→ EXERCISE BRIEF
Below is a listing; retype exactly the lines between the one containing "3. Проверьте состояние" and the one containing "うつ病などにより休職している", inclusive, minus the pictures.

→ AVAILABLE DATA
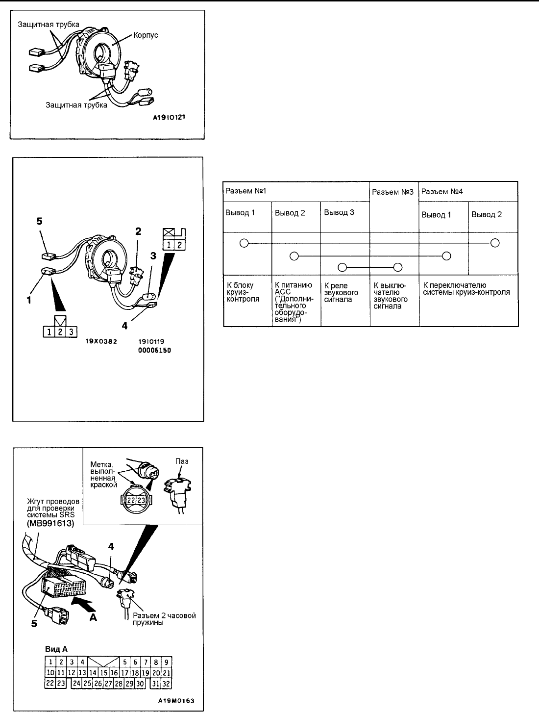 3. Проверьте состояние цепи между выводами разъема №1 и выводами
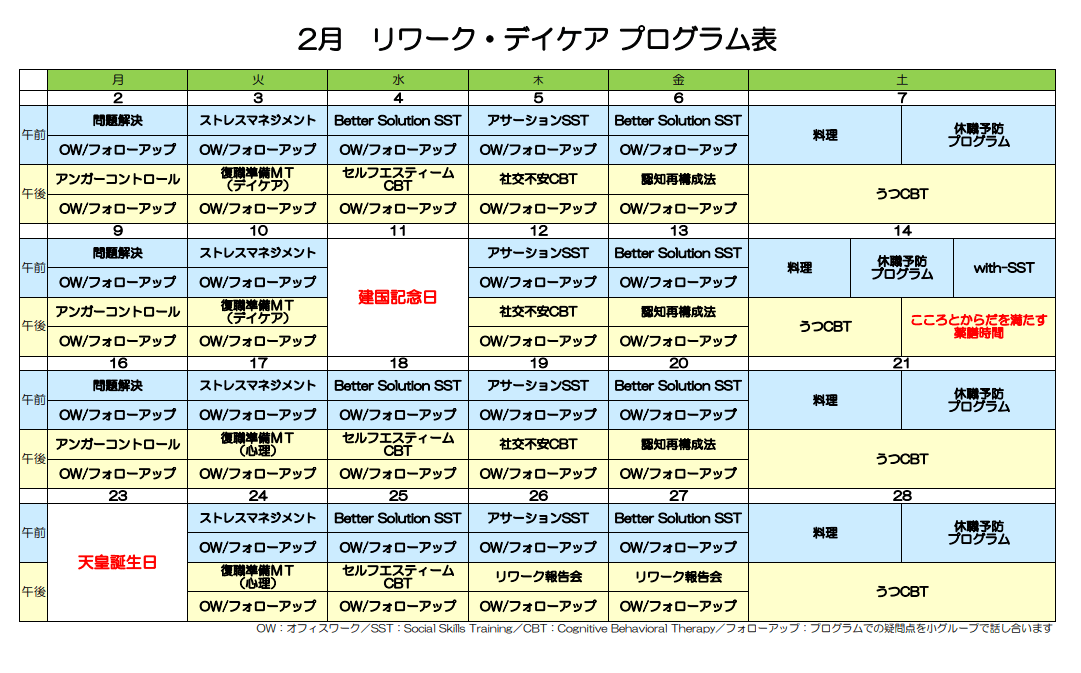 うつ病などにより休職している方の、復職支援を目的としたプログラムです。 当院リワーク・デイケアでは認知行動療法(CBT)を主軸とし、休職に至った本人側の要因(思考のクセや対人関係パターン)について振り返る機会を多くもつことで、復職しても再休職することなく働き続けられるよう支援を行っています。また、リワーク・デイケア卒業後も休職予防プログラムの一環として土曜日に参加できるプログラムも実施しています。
...
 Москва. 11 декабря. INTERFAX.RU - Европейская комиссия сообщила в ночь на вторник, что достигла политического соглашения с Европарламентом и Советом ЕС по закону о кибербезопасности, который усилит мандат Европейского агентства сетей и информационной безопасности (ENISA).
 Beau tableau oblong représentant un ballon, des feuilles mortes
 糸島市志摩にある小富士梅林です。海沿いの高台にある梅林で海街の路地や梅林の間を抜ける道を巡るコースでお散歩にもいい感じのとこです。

→ EXERCISE SOLUTION
 3. Проверьте состояние цепи между выводами разъема №1 и выводами
 うつ病などにより休職している方の、復職支援を目的としたプログラムです。 当院リワーク・デイケアでは認知行動療法(CBT)を主軸とし、休職に至った本人側の要因(思考のクセや対人関係パターン)について振り返る機会を多くもつことで、復職しても再休職することなく働き続けられるよう支援を行っています。また、リワーク・デイケア卒業後も休職予防プログラムの一環として土曜日に参加できるプログラムも実施しています。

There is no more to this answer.